Exercise details ▸ Below are records; how many of their lines hold the string "available"? Reply with nothing but the number.

*** Input records Section Begins ***

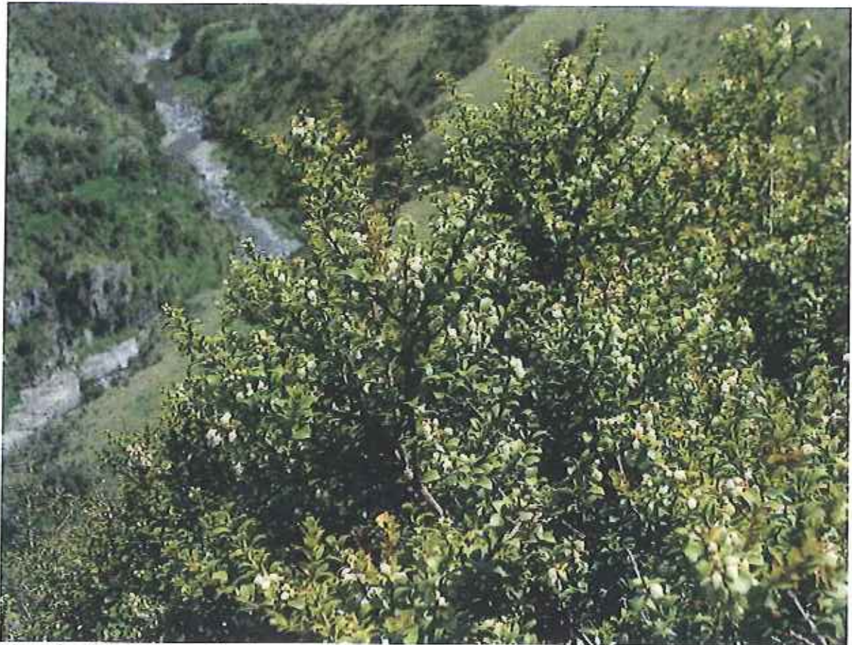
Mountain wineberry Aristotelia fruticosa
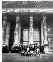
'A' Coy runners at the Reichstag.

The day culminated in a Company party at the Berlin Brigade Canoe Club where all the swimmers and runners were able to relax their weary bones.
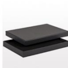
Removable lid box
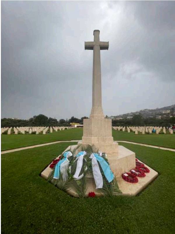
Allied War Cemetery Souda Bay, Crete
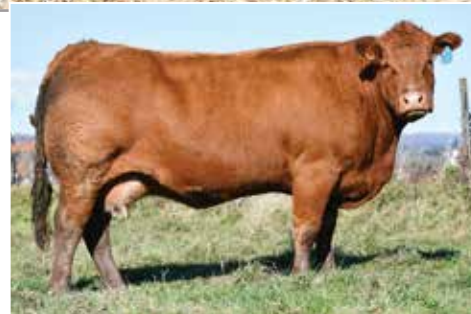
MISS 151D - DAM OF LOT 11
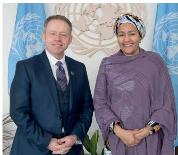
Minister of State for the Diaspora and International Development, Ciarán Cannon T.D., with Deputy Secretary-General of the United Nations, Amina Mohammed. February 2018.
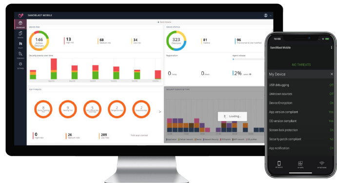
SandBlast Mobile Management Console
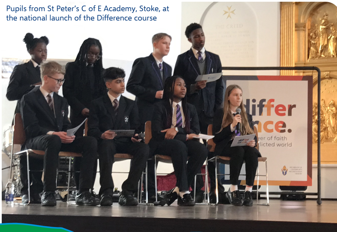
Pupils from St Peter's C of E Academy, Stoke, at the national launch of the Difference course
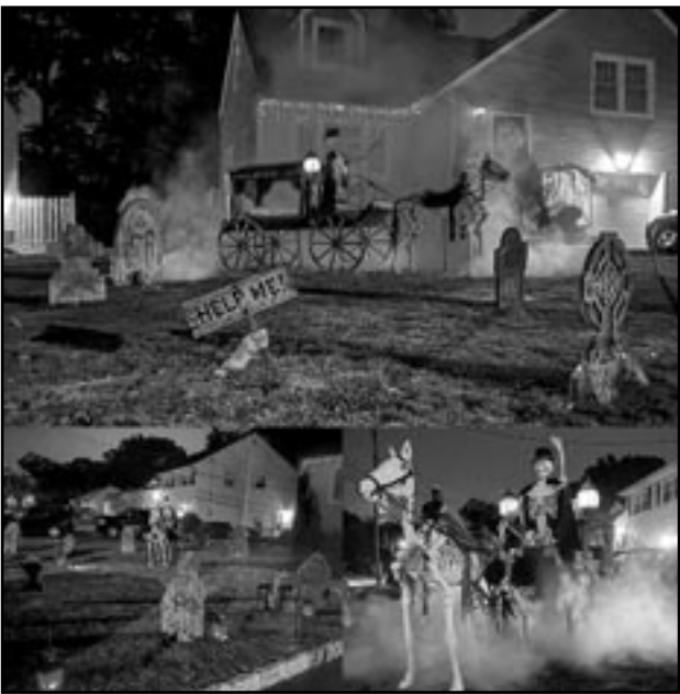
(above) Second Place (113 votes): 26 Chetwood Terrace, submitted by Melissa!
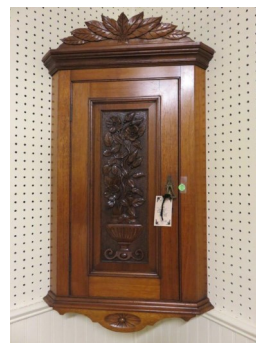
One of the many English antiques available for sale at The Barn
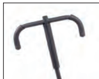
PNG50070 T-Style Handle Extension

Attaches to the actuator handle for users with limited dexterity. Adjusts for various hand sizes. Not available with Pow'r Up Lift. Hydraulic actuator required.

*** Input records Section Ends ***

Response ▸ 2